Abstract
Background:
Presence of typical chest pain and normal coronary angiography suggests the possibility of microvascular ischemia of the myocardium as well as other non-cardiac causes that are also likely to decrease heart rate variability (HRV). This raises a question of whether poor HRV can predict abnormal elective coronary angiography (ECA).
Aim:
The aim of this study was to compare HRV in patients with typical chest pain when they are classified according to ECA outcomes.
Methods:
The study enrolled 150 patients planned for ECA in the cardiac center of AlShaab Teaching Hospital, Khartoum, Sudan, due to typical chest pain. Following assessment of medical history and clinical examination, the Bluetooth electrocardiography (ECG) transmitter and receiver were used for ECG recording and evaluation of time and frequency domains HRV. ECA confirmed the diagnosis of coronary artery disease (CAD) in 108 patients, who were considered as the test group. The other 42 subjects were considered as a control group after the exclusion of CAD.
Results:
The Mean±SD of Ln(pNN10), Ln(pNN20), LnLF, and LnHF was significantly higher in subjects with normal angiography compared with CAD patients. However, these statistically significant differences disappeared when the comparison was adjusted for age, gender, BMI, and HR of the studied groups.
Conclusion:
HRV is comparable in patients with typical chest pain regardless of ECA outcomes
Relevance for patients:
The HRV differences between patients with normal and abnormal ECA are likely to be biased by CAD risk factors such as old age, male gender, and tachycardia that are known to disturb HRV. The possibility of microvascular ischemia in patients with normal ECA may have attenuated HRV in this group and make it comparable to those suffering from macrovascular ischemia due to CAD.
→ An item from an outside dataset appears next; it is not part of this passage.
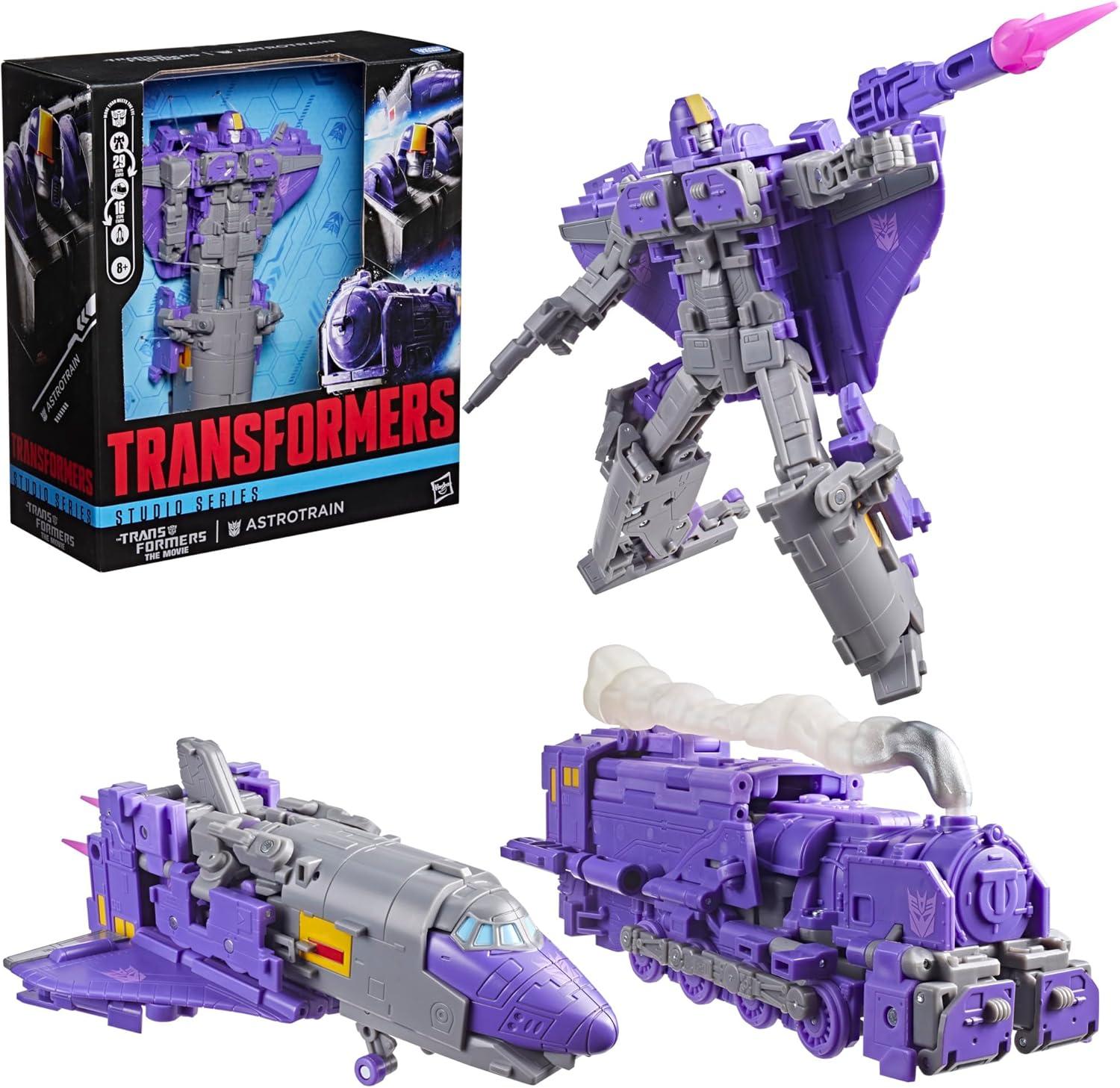6.75-INCH ASTROTRAIN FROM THE TRANSFORMERS: THE MOVIE: This Transformers Studio Series Astrotrain figure is 6.75 inches (17 cm) in robot mode and features movie-inspired deco and details

Keywords: Autonomic modulation, Cardiac syndrome X, Sympathovagal balance
1. Introduction
Assessment of heart rate variability (HRV) and cardiac autonomic modulation is important for risk stratification of heart diseases [1]. “NN” is commonly used instead of “RR” to stress that only normal heartbeats are processed during the evaluation of HRV [2]. HRV is a good indicator of morbidity and mortality associated with a wide spectrum of illnesses, including coronary artery disease (CAD) [3-5]. Poor HRV is linked to the hemodynamic derangements and risk stratification of CAD patients [6-8]. Alternatively, the presence of typical chest pain and normal coronary angiography suggests the possibility of microvascular ischemia of the myocardium [9] as well as other non-cardiac causes, for example, upper gastrointestinal causes [10], increased sensitivity to pain, anxiety [11], and other psychological factors [12]. Most of non-CAD causes of chest pain are also likely to induce low HRV [13,14]. This raises a question if poor HRV can predict abnormal elective coronary angiography (ECA). Although there are accumulating evidences of low HRV in CAD patients, researches exploring HRV measurements as predictors ECA are scare, if any. This study aimed to explore the possible HRV differences in patients with typical chest pain when classified according to ECA outcomes (normal vs. abnormal ECA).
2. Materials and Methods
The present study gained ethical clearance from the Ethics Review Committee (ERC), Faculty of Medicine, University of Khartoum, Sudan. All patients who agreed to join this study signed a written informed consent before being evaluated.
The study enrolled 150 patients planned for ECA due to typical chest pain. The study included all patients who agreed to join the study and is not known to suffer from congenital or acquired heart diseases during the period of data collection. All patients were seen on the same day intended for coronary catheterization in the cardiac center of AlShaab Teaching Hospital, Khartoum, Sudan. Medical history and clinical examination were performed to each subject guided by a questionnaire. A Bluetooth electrocardiography (ECG) transmitter and receiver (DM systems (Beijing) Co. limited – China) were used for ECG recording and evaluation of HRV. Five minutes ECG recording were started in each subject after ensuring the absence of artifacts on the ECG screen. ECG was performed in the supine position while breathing comfortably. Screening for various types of abnormal ECG recording was performed manually. Abnormal ECG readings such as ectopic beats, arrhythmias, and noise were deleted manually. Following visual inspection and manual editing, the software was allowed to calculate HRV parameters from the rest of the ECG data.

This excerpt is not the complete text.